World Economic Forum Helps ‘Improve Global Cooperation’ Surrounding Health Issues
Meetings such as the World Economic Forum (WEF) “are highly beneficial for the health sector, since there is a genuine need for reaching out to non-state actors in the midst of the many transformations shaping global and domestic health sector public policy,” Sania Nishtar, founder of Heartfile and Heartfile Health Financing, writes in a Huffington Post opinion piece. “But that is not all the World Economic Forum is doing for health. It is also contributing substantively in the normative and advocacy space,” according to Nishtar, who uses non-communicable diseases (NCDs) as an example. “By identifying NCDs as the top 10 risks to the world in WEF’s Global Risk Reports for two consecutive years (2009 and 2010) it helped raise concern, globally, at a time when it mattered the most,” especially leading up to last year’s U.N. High Level Meeting, she writes.

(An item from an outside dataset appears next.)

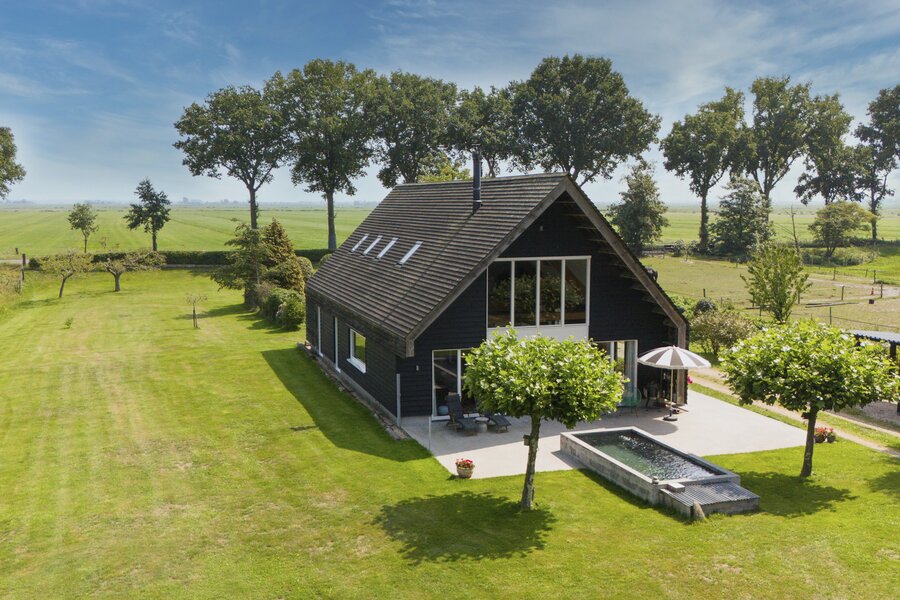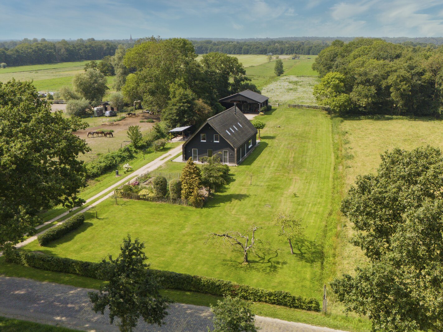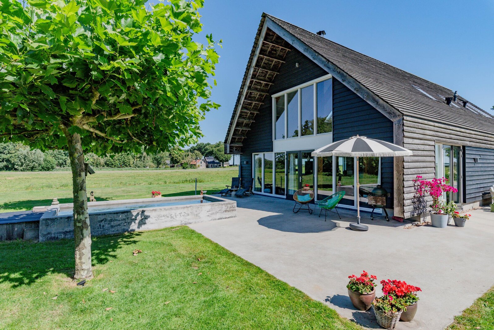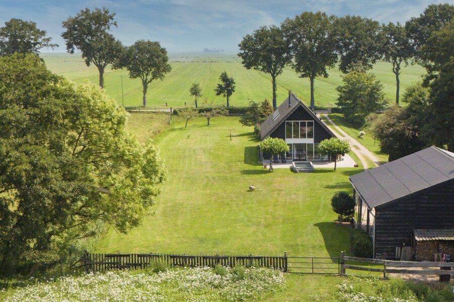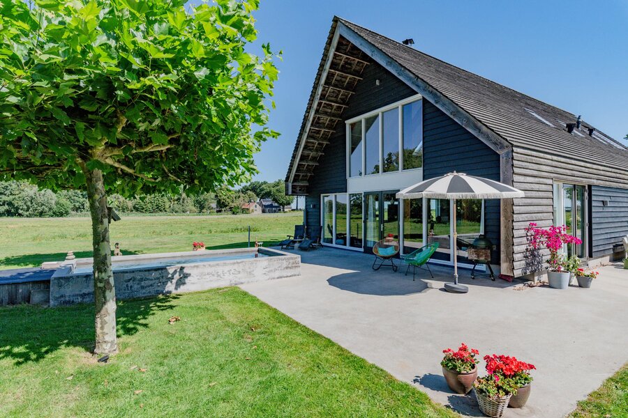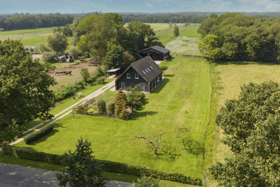 Door het gebruik van de robuuste spanten en natuurlijke materialen ademt de woning de sfeer uit van een woonboerderij. De betonnen vloer is voorzien van comfortabele lage temperatuur vloerverwarming

“The World Economic Forum’s ability to bring together public and private actors creates a much needed space to explore the potential of engagement with the private sector to achieve Health For All,” Nishtar writes, concluding, “By enabling communication, WEF is helping narrow the existing public-private divide in conventional multilateralism and is helping improve global cooperation and understanding. The insights can inform the design of new institutions of global governance” (2/6).
The KFF Daily Global Health Policy Report summarized news and information on global health policy from hundreds of sources, from May 2009 through December 2020. All summaries are archived and available via search.